# Flat Feet and leg workouts.



## PitViper (Jan 8, 2017)

Hey what's up, I'm new and this is my 1st post outside of the introduction. I didn't see this subject anywhere so I figured I'd start one and see what kinda answers we get..

So I'm flat footed. I was born that way but it got progressively worse over the years. I'm not a super bad case like I've seen where people have "rigid" flat feet where they can't "fake an arch" but they're flat enough that now about to be 40 years old I definitely have some issues when it comes to my lower back. I try to be mindful of my stance and keep my weight to the outside or my feet because naturally they want to over pronate and put all the weight on the inside of my feet which has my knees going inside, towards each other. Now even if I did, you'd have to really look to notice it by eye but obviously I'm aware and when I do certain exercises it's tough to keep certain forms.

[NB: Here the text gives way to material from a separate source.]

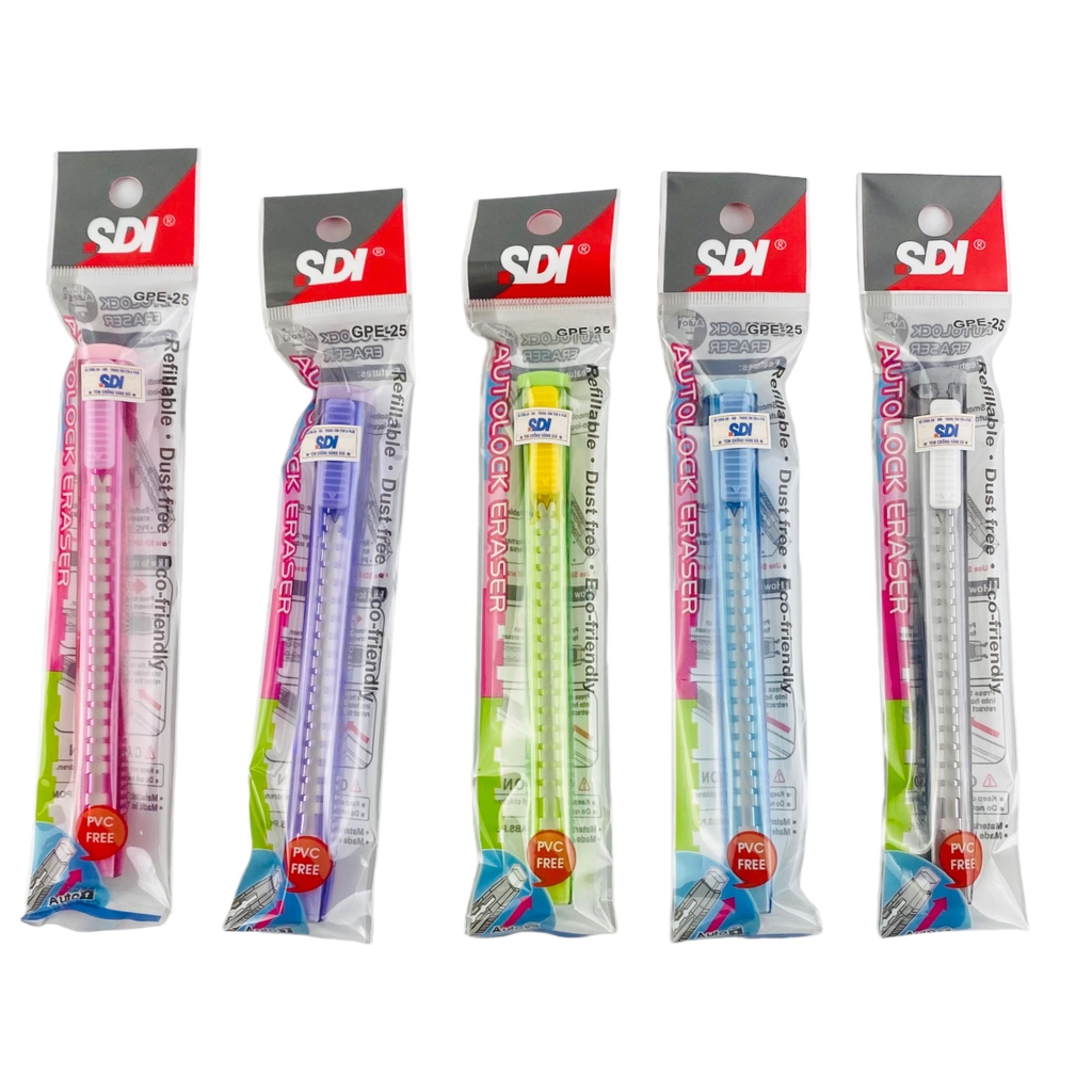 Được làm bằng PVC không độc hại, an toàn cho người sử dụng. Sản phẩm bao gồm: 1 bút tẩy và 1 lõi tẩy vuôg thay thế.

Squat issues: It took me a long time but with help I'm able to keep good form with pretty decent weight. After a bit of a hiatus and giving up weights on a daily basis for Brazilian Jiu Jitsu for about a year I recently decided to get back to what I know, stick to the basics and just stay on this path so off to the power rack we go. I wear good sneakers, either Nike Air Max's or now New Balance 501 and 575 which have been AWESOME for flat feet. I'm able to keep excellent form with a plate on each side. At 225 I'm now wearing an INZER Forever Belt and that definitely helped. 315 has been my max for 5-6 reps and really anything over 225 I'm wearing INZER knee wraps and my belt. This is what happens though: My knees start falling inwards. It's not terrible like they're touching each other or anything but even with a bit of a wider stance and my toes outward, in the mirror you can see my knees wanting to go in. With that, part of my squat is not only good form, getting my ass down and coming back up, but being mindful of my knees and having to "open up" a bit while I'm coming up and that sucks. 

I was told to try standing on thin plates with the inside of my sneaker so the weight is distributed better. It works...a little but it's not a cure. Another thing I've read is that regardless of flat arches this is more because of the tightness in the hips...?? I really don't know so if anyone can chime in with anything I can do to keep my knees correct I'd be really appreciative of that even if it means lowering the weight to concentrate on form.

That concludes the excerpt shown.